In an episode featuring a number of questions about the treatment of women, ranging from sexual harassment in universities to the controversy surrounding US Supreme Court nominee Brett Kavanaugh, Hanson-Young spoke passionately about the abuse she and other female politicians often receive while doing their jobs.

“I’ve spent ten years in the Federal Parliament,” she said. “Copping a lot. Seeing other women cop a lot. And feeling as though in this rough-and-tumble environment, it’s best not to speak about it and draw attention to it. Because two things happen. You either have to match it, in which case you’re labelled a bitch … [or] if you allow it to affect you, you’re told you’re soft.”

Hanson-Young said the tipping point for her was after Liberal Democrats Senator David Leyonhjelm made comments about her sex life on the floor of parliament earlier this year.

“There is a line, and what David Leyonhjelm did was cross that line,” she said. “Other comments I’ve had and seen, and I know other women have experienced, have crossed the line. And after ten years, I’ve had enough. I don’t think that is the way the parliament should be. And if I can’t speak about it, if I can’t call it out, as a woman in the parliament with privilege, how on earth can I expect a young woman on the shop floor, or a woman who works behind a bar, to call it out?”

Asked by host Tony Jones about her use of the term “slut-shaming” to describe what had happened to her, Hanson-Young said it was important to call it what it was.

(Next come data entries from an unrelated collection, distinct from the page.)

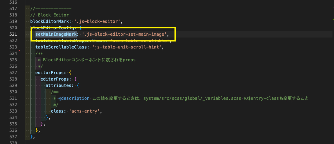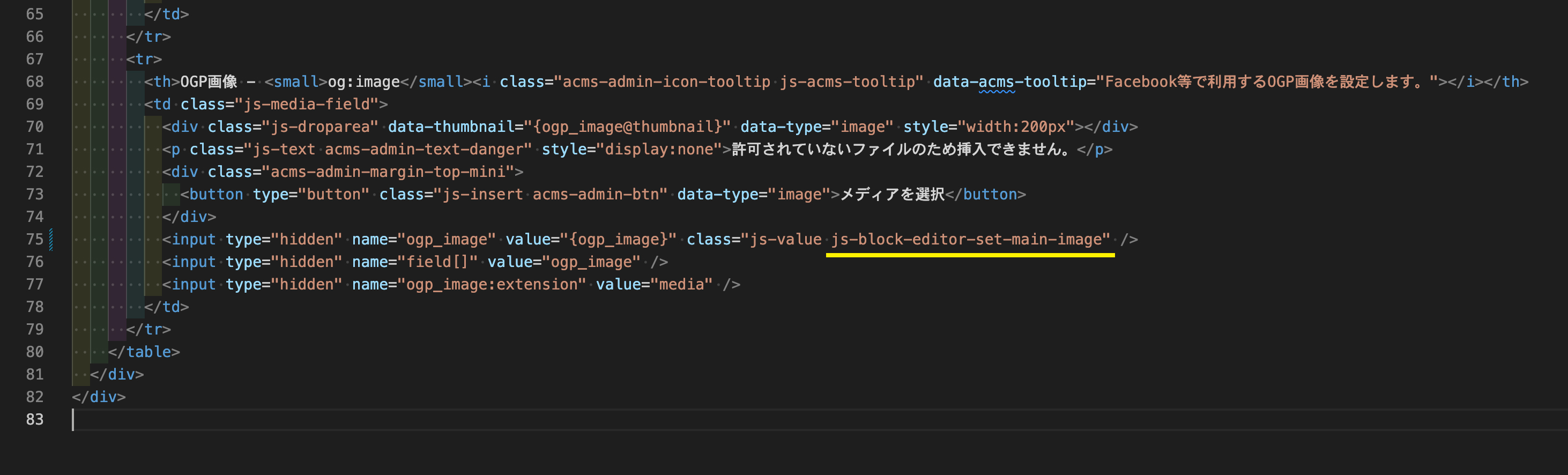 ここで指定されているクラス名 js-block-editor-set-main-image を、テーマ内の admin/entry/field-seo.html にあるOGP画像の値を保持するための input 要素のクラスに付与します。
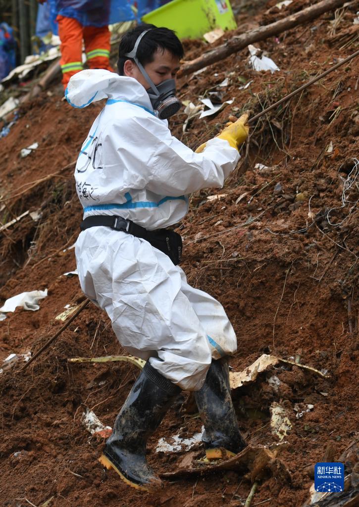 3月26日雨后,在藤县空难救援现场,消防救援人员在雨后的淤泥中开展搜寻作业。淤泥没过了他们的膝盖,但搜寻的脚步并未停止。搜救人员腰间系着安全绳进行搜索(3月26日摄)。新华社记者陆波岸摄
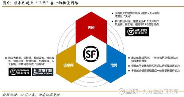 三网合一: 天网、地网、信息网。 经过多年潜心经营和前瞻性战略布局,顺丰已形成拥有天网、地网、信息网的,可覆盖国内外的综合物流服务。
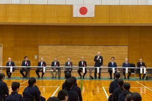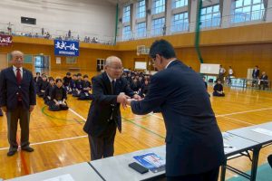 開会式後、今秋のねんりんピック岐阜2025に県代表として出場する奥井会長、上嶋副会長、谷口会員に市剣連から激励金が授与されました。
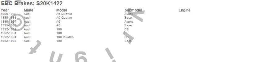 Below is an abreviated list of applications for the S20 Kits Ultimax and Plain Rotors.
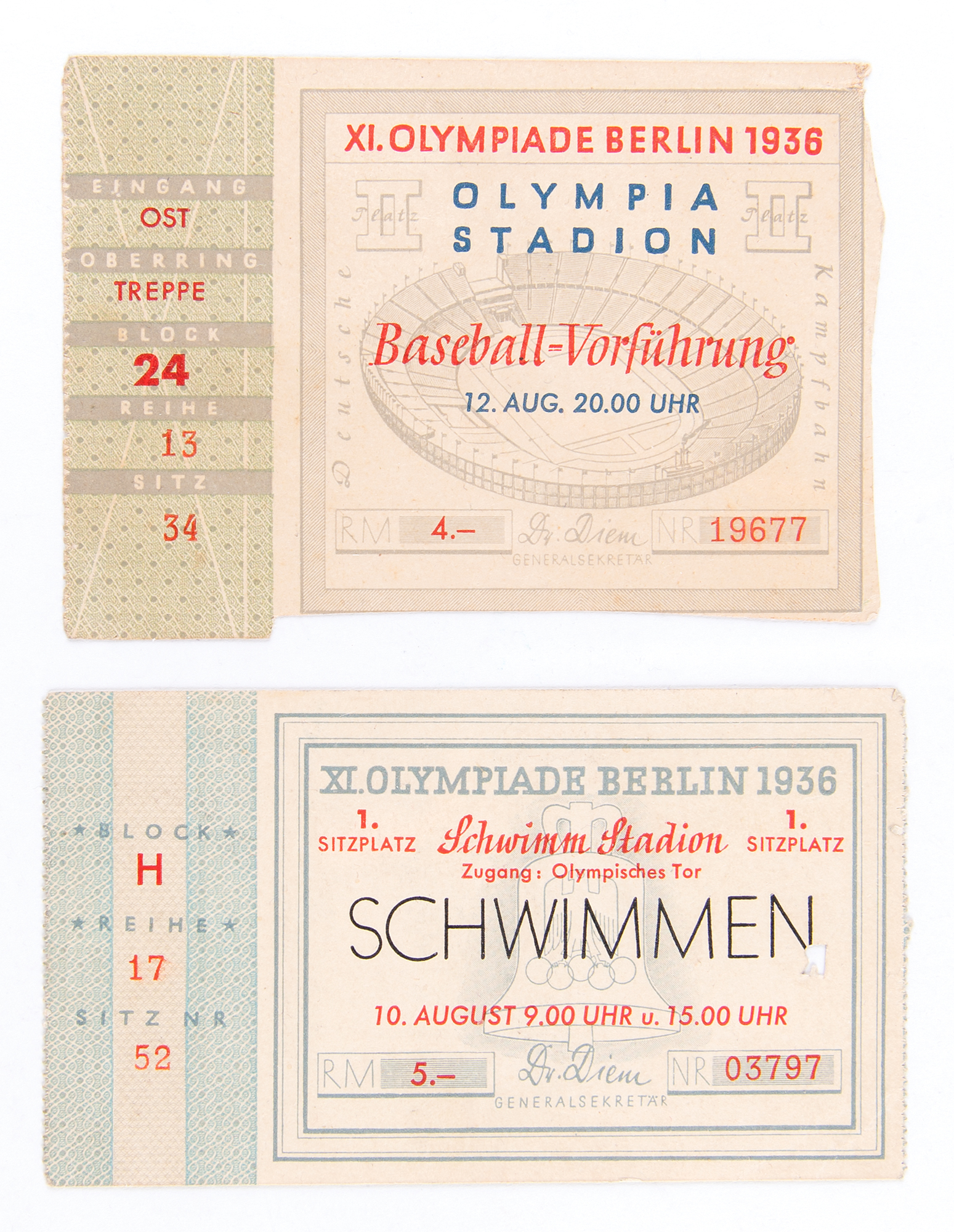 Two ticket stubs from the historic Berlin 1936 Summer Games, 4 x 2.75 x 4.5 x 2.25, issued for a ‘Schwimmen [Swimming]” event on August 10th at the Schwimm Stadium, and a “Baseball-Vorführung [Baseball Demonstration]” on August 12th at the Olympic Stadium. In overall fine condition.
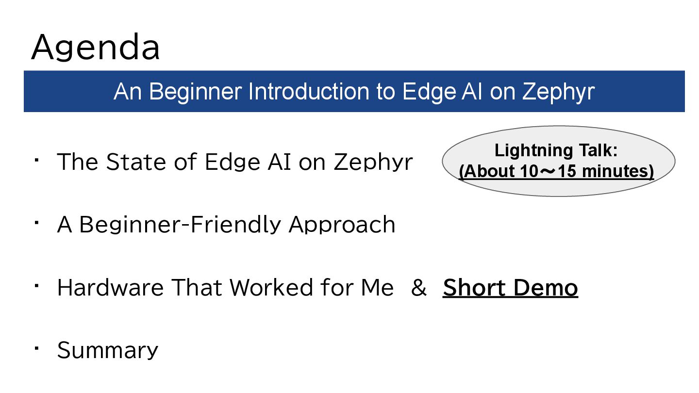 A Beginner-Friendly Approach • Hardware That Worked for Me & Short Demo • Summary An Beginner Introduction to Edge AI on Zephyr Lightning Talk: (About 10~15 minutes)

“When I first named what was going on with me as slut-shaming, I had to say it a few times in my head before it came out because it is confronting,” she said. “But the reason I used it is because there is no better description of how this is used to disempower women.”

“The power of slut-shaming itself [is that it] has this incredible power of silencing the victim because the moment you name it, there is something, even just a little bit, where people go, ‘maybe she is a slut. Maybe that did happen. Maybe this happened’. That is the power of that type of intimidation, rumour and innuendo. And it’s used as a weapon.”

Hanson-Young highlighted several women in politics who she believes have been treated unfairly because of their gender, including Tony Abbott’s former chief of staff Peta Credlin and former Prime Minister Julia Gillard.

“The things that were said about [Credlin], if she had been a bloke, never would have been said,” she said. “The way Julia Gillard was treated as Prime Minister was appalling. History is going to be much kinder to Julia than she was ever treated while she was there.”